Friday, August 6, 2010

Going Through the Liturgical Changes

Recently, I was talking to a priest. When he realized that I am a Catholic writer, he suggested that I write something about the changes in the Liturgy. “It will be hard for the musicians and some of the people. And it will be hard for priests. We’ll probably stumble awhile, as we try to learn the new wording.”

“Oh, Father! You’ll feel just like a convert!” I told him about my year in RCIA. I was just beginning to get it. I knew what was coming next in the Mass and could say it and sing it without too much stumbling, and then I went to a later Mass and the organist was different and she played a different arrangement for the Gloria. Once I adjusted to that, Lent came along. And we lost the Alleluia. And the dreaded sense of being out of my element returned.”

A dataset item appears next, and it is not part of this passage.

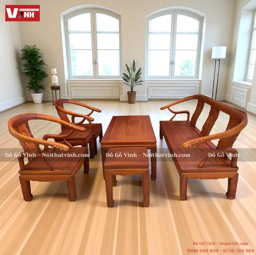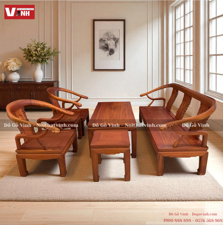 Bộ ghế Minh Thúng VIP với chất liệu gõ đỏ quý hiếm, nổi bật bởi:
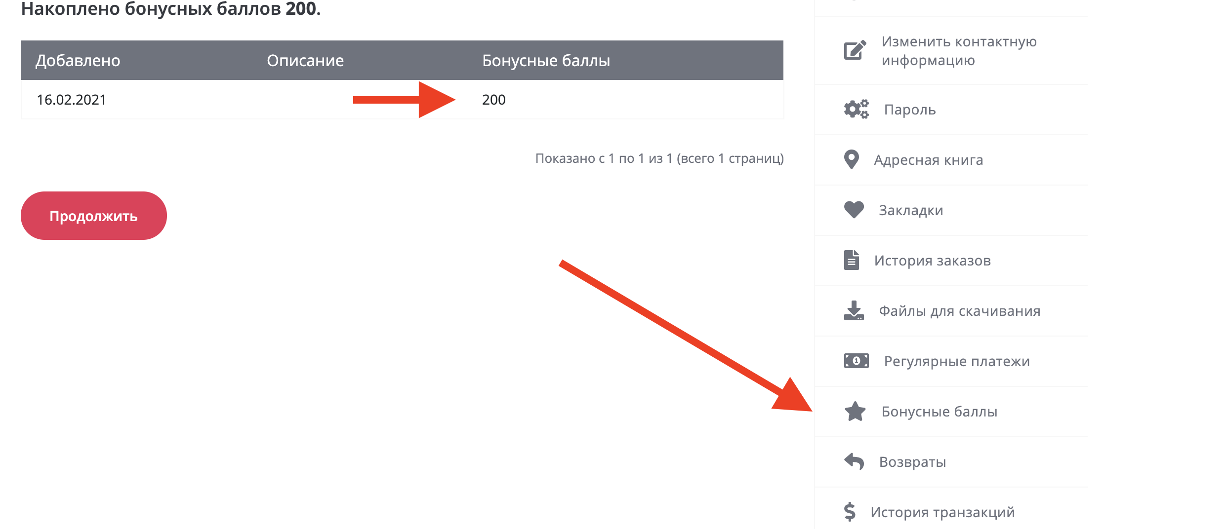 6) При оформлении заказа с авторизацией, Вы увидите дополнительное поле для бонусов

The church secretary who was sitting near us smiled then. “Maybe that’s not such a bad thing. It might be good for priests to feel like a convert.”


She’s right. We all need to feel like converts every now and then. We need to be shaken up and stirred sometimes. We need a little bit of Lent in our lives.


Change is never easy. And this change will be particularly difficult for many. If you are a priest or a musician, offer it up for a convert who finds the entire Liturgy something of a foreign language. Offer it up for the one who longs to be part of the Church family, but feels like he will never fit in as easily as the cradle Catholic sitting beside him. Offer it up for the one who is trying to learn everything in just a few months of RCIA. Yes, it can be overwhelming. Change is never easy.


But I will let you in on a secret that every convert knows. You will look back on that part of the journey and miss it a little. You will realize that God was there. You knew it. You felt it. You relied on it.


And maybe that is the most essential part of the journey.